Тем не менее он выбрал «Германию, безрадостную для обитания и для взора». Почему? Уж точно не потому, что это была его родина: господин Бубис, хоть и ощущал себя немцем, ненавидел самое слово «родина», одну из причин того, как он считал, что погибли более пятидесяти миллионов человек; а потому, что в Германии располагалось его издательство и он прекрасно представлял, как оно должно быть устроено, это немецкое издательство со штаб-квартирой в Гамбурге и сетью распространения в форме заказов книг, что включала в себя старые книжные магазины всей Германии, а некоторых из хозяев он знал лично, попивал с ними во время служебных поездок чаёк или кофеек, усевшись в уголке книжного магазина, постоянно жалуясь на плохие времена, постанывая о том, что публика презирает книги, а посредники и продавцы бумаги дерут три шкуры, печалясь о будущем страны, что не читает, — одним словом, прекрасно проводя время, покусывая печеньки или кусочки пирога, пока в конце концов господин Бубис не поднимался и не пожимал руку старому букинисту из, к примеру, Изерлона, а потом отправлялся, скажем, в Бохум, навестить старого бохумского букиниста, который хранил как реликвии — впрочем, продающиеся за определенную цену, этого не отнимешь, — книги с печатью Бубиса, изданные в 1930 или 1927 году, которые, согласно закону, закону джунглей, естественно, нужно было сжечь еще в 1935 году, но которые старый букинист предпочел спрятать, из чистой любви (что Бубис очень хорошо понимал — в отличие от большинства людей, включая автора книги) и благодарил за это движением души, что было вовне и дальше литературы, жестом, назовем это так, честных предпринимателей, предпринимателей, обладающих секретом, чья родословная восходила к самому зарождению Европы, движением, которое само было мифологией или открывало врата мифа, двумя столпами которого были букинист и издатель — они, а не писатель, он-то — лишь русло, по которому то изливалось, то не лилось и в котором вообще непонятно и тайновидно что творилось; нет, только букинист, издатель и длинная зигзагообразная дорога, написанная художником фламандской школы.

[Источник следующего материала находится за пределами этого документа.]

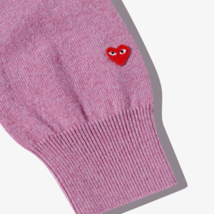 Elevate your casual wardrobe with the Play Comme des Garçons Mini Heart V Neck Sweater Pink, a timeless piece that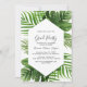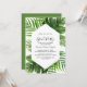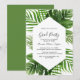 Fira din examen i tropisk stil med denna livfulla inbjudan. Med en exotisk samling av gröna akvarell bananpalmblad, ormbunkar och frodig lövverk, fångar den essensen av en strand- eller sommarfest. Lägg till en personlig touch genom att anpassa baksidan av kortet med hedersgästens namn och evenemangsinformation för en verkligt unik fest.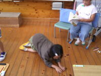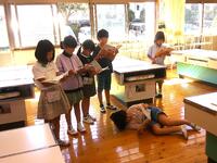 中には、動作化も入れて、寝転んだがまくんやお手紙を運ぶかたつむりくんを表現している人もいました。「もっと、こうした方がいいんじゃない?」とか、「こっちに動いた方がいいよ」「そうだね」などの声が交わされていました。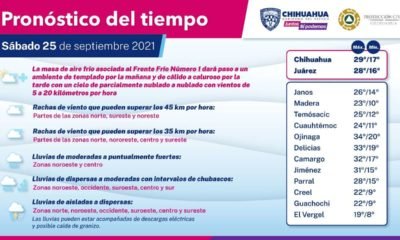 La Coordinación Estatal de Protección Civil alertó sobre el ingreso de un frente frío sobre la frontera norte del estado de Chihuahua, que permitirá una variación...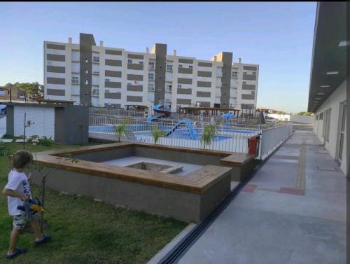 Situated in Pelotas, Apto novo em condomínio com ótima área de lazer e garagem features accommodation with private pool, free WiFi and free private parking for guests who drive. Boasting a kids' club, this property also provides guests with a picnic area. The accommodation provides a lift and full-day security for guests.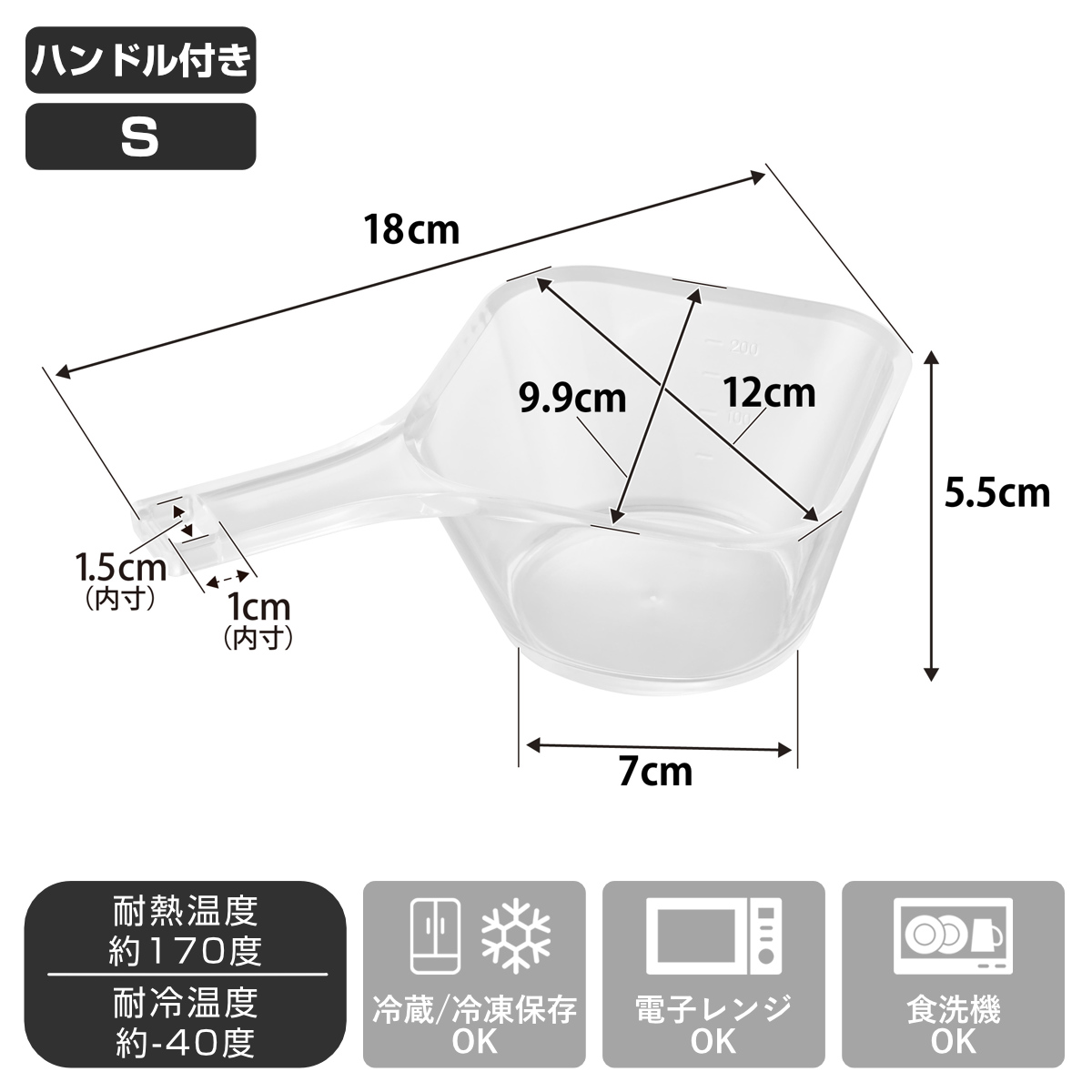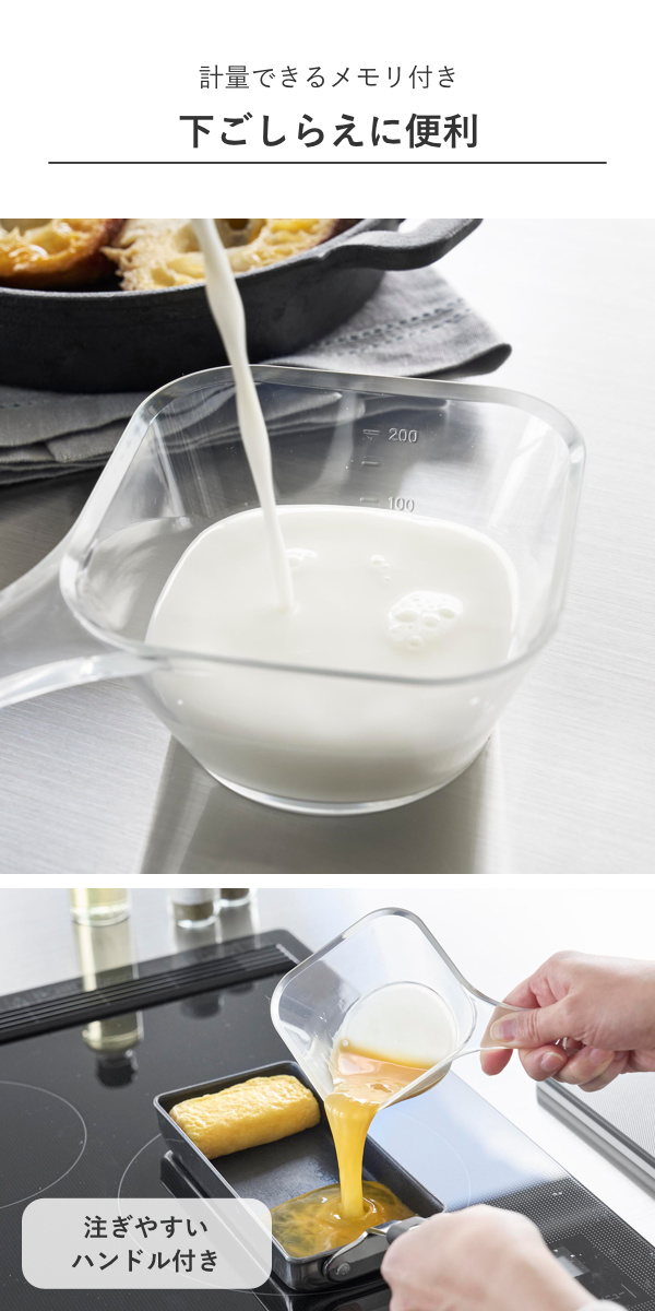 軽くて扱いやすく、メモリ付きで計量ができるハンドル付きのボウルSサイズです。片手で持ちやすく注ぎやすい形状で水切れがよく、自家製ドレッシング作りや出汁作りなどにも便利です。

Вот почему вовсе не было странным, что господину Бубису быстро наскучила политика и он решил заново открыть издательство: печатать и продавать книги — это единственное, что в глубине души его интересовало.

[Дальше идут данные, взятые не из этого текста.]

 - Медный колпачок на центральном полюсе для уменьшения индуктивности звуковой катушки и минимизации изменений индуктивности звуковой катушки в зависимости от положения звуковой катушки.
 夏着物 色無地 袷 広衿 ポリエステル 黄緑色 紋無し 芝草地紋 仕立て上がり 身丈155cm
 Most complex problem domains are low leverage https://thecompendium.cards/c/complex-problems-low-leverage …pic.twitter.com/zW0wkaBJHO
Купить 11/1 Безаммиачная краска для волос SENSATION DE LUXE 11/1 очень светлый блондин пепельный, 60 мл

Тем не менее примерно в это время, незадолго до того, как снова открыть здание, возвращенное ему Фемидой, господин Бубис познакомился в Мангейме, в американской зоне, с молодой тридцатилетней беженкой хорошего происхождения и потрясающей красоты, и, непонятно как — ибо господин Бубис не имел славы донжуана, — они сделались любовниками. Эта связь вызвала в его жизни удивительные изменения. Учитывая его возраст, он и без этого был энергичен, но тут его силы утроились. Издателя охватила беспримерная жажда жизни. И его убежденность в успехе нового предприятия (впрочем, Бубис обычно поправлял тех, кто говорил о «новом предприятии», ибо для него это было все то же старое издательство, которое возвращалось к жизни после длинной и нежеланной паузы) стала поистине заразительной.

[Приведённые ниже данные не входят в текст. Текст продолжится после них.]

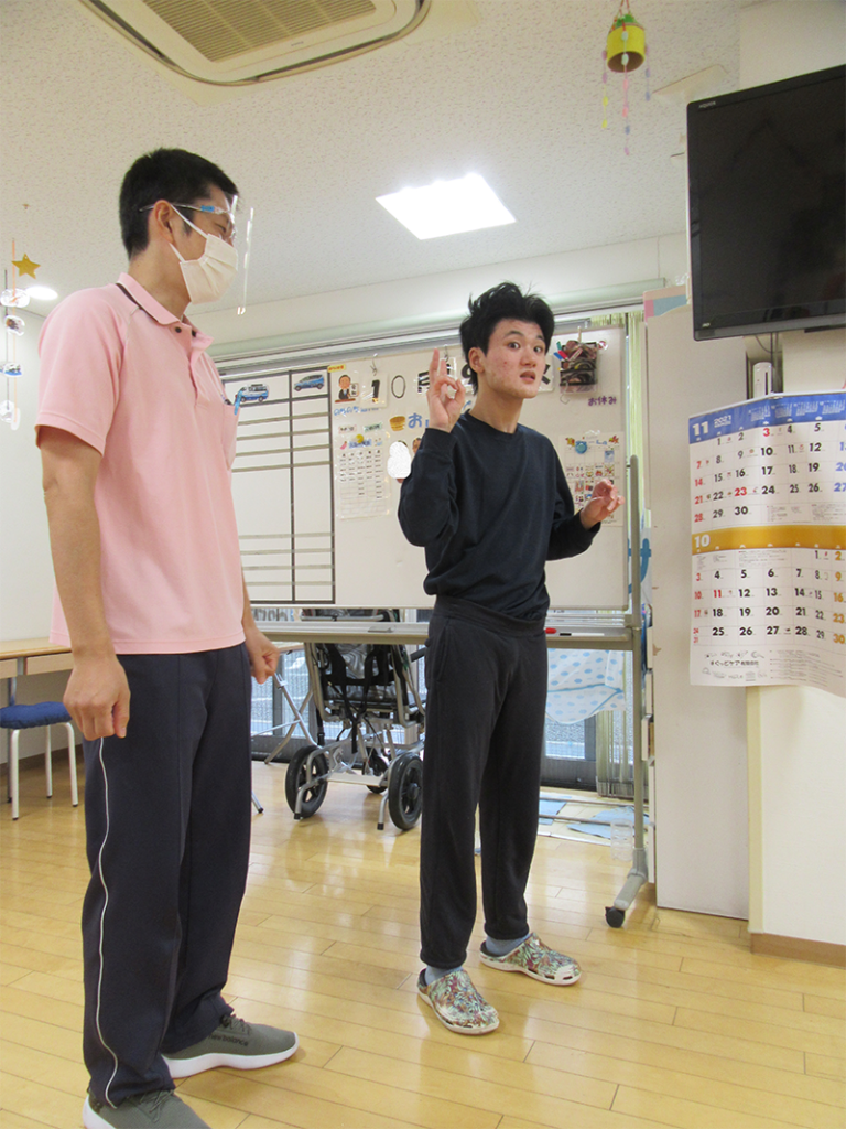 こうやって、こうやって・・・スタッフとペアになり協力して表現して下さいます。👩🏼‍🤝‍👩🏻
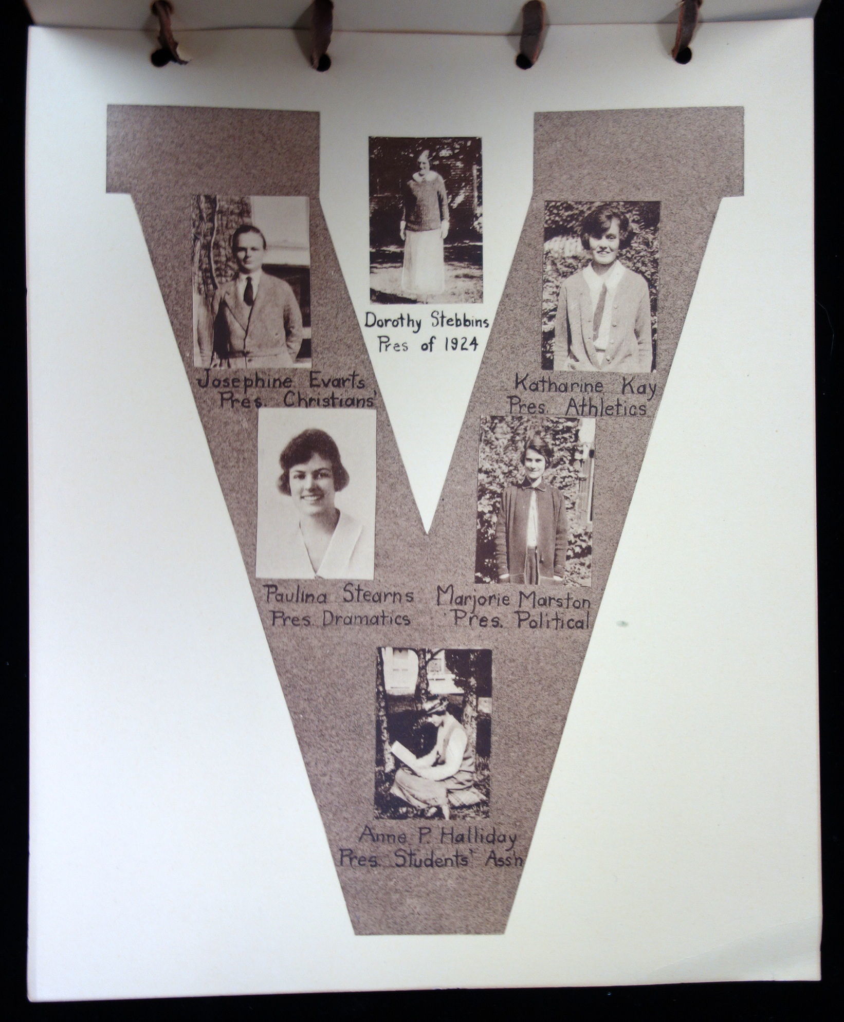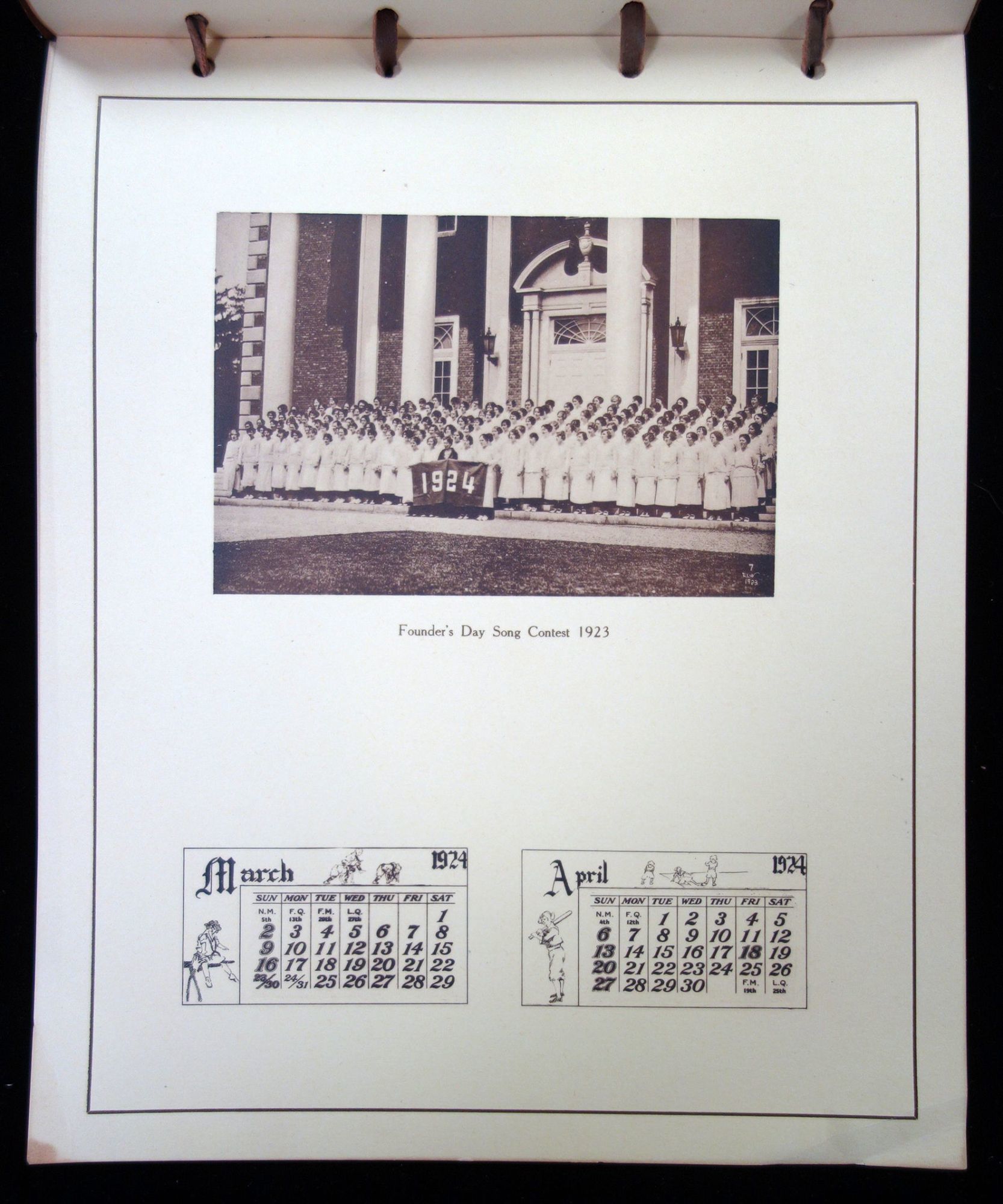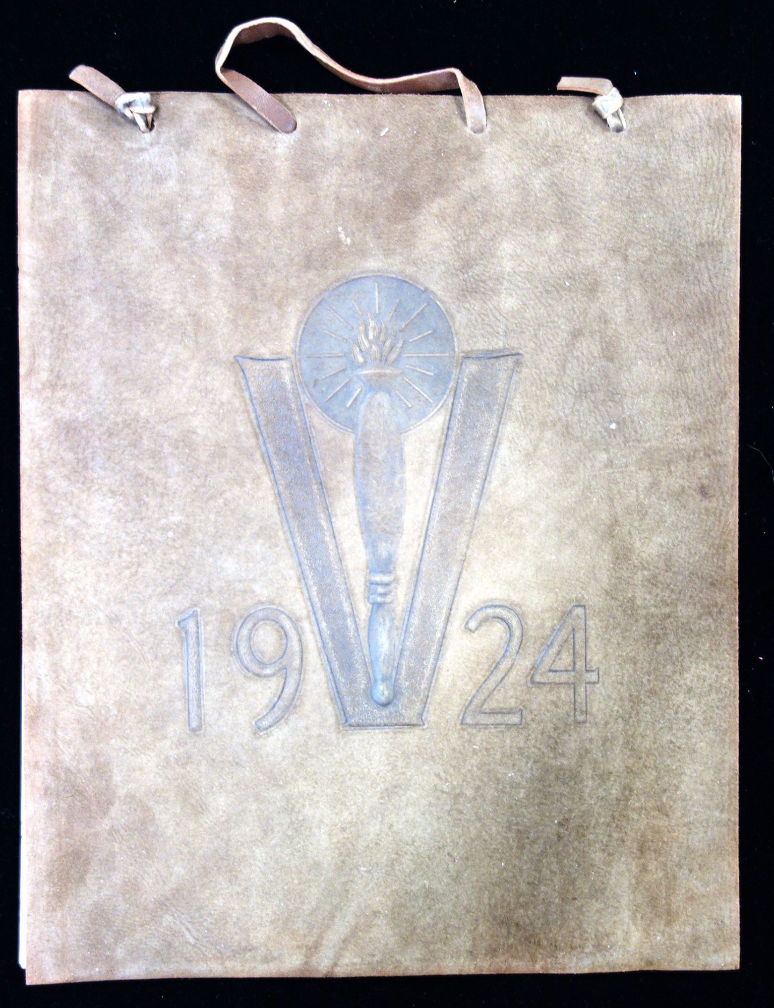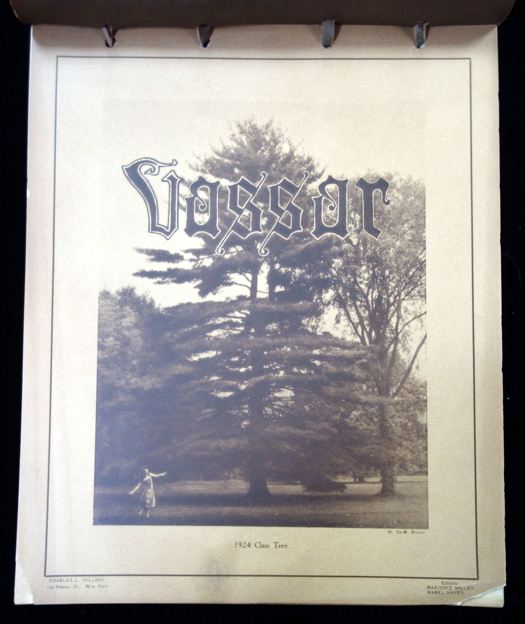 1924. An eleven (11) page calendar with an embossed leather cover with leather string tie for Vassar 1924. Images from photographs throughout by M. De M. Brown. The title page is the 1924 Class Tree with a dancer at base. Printed by Charles L. Willard, 150 Nassau St. New York. Editors - Marjorie Miller and Mabel Hayes. Subsequent pages have photo images of significant events throughout the year including the Founder's Day Song Contest, the 1924 Daisy Chain, Varsity Hockey from 1922, Varsity Basketball for 1923, and Track for 1923. Also includes places of interest including the Sunset Path, Thompson Memorial Library and Students' Building in a winter scene. Each page has two calendar months each with line drawn illustrations of a woman partaking in a seasonal sports activity. The final page includes the various student presidents for the year.

На церемонии открытия издательства, на которой присутствовали власти, артисты и политики Гамбурга, не говоря уж о делегации английских чиновников, любителей романного жанра (хотя, увы, более любителей жанра детективного или георгианского варианта романа про лошадей или филателистического романа), и представителей не только немецкой, но и французской, английской, голландской, швейцарской и даже американской прессы, его невеста, как он ласково называл ее, была представлена публике, и ей выразили всяческое почтение, впрочем одновременно удивляясь эдакой оказии: все ждали, что то будет женщина сорока или пятидесяти лет, из интеллектуалов; другие думали, что речь идет, как это было принято в семье Бубисов, о еврейке; а другие, руководствуясь опытом, думали, что это всего лишь еще одна шутка, на которые господин Бубис был, как все знали, весьма горазд. Однако все оказалось очень серьезно, и это стало понятно во время приема. Женщина была не еврейкой, а стопроцентной арийкой, также ей исполнилось не сорок, а лишь тридцать с небольшим лет, хотя выглядела она максимум на двадцать семь, и два месяца спустя шутка или шалость Бубиса превратилась в факт: тот женился, со всеми мыслимыми почестями и окруженный элитой города, в дряхлом и ремонтируемом здании мэрии, а гражданскую церемонию — незабываемую, уж поверьте! — провел ради такого случая сам мэр Гамбурга, коий, пользуясь случаем и безудержно льстя, назвал Бубиса блудным сыном и образцовым гражданином.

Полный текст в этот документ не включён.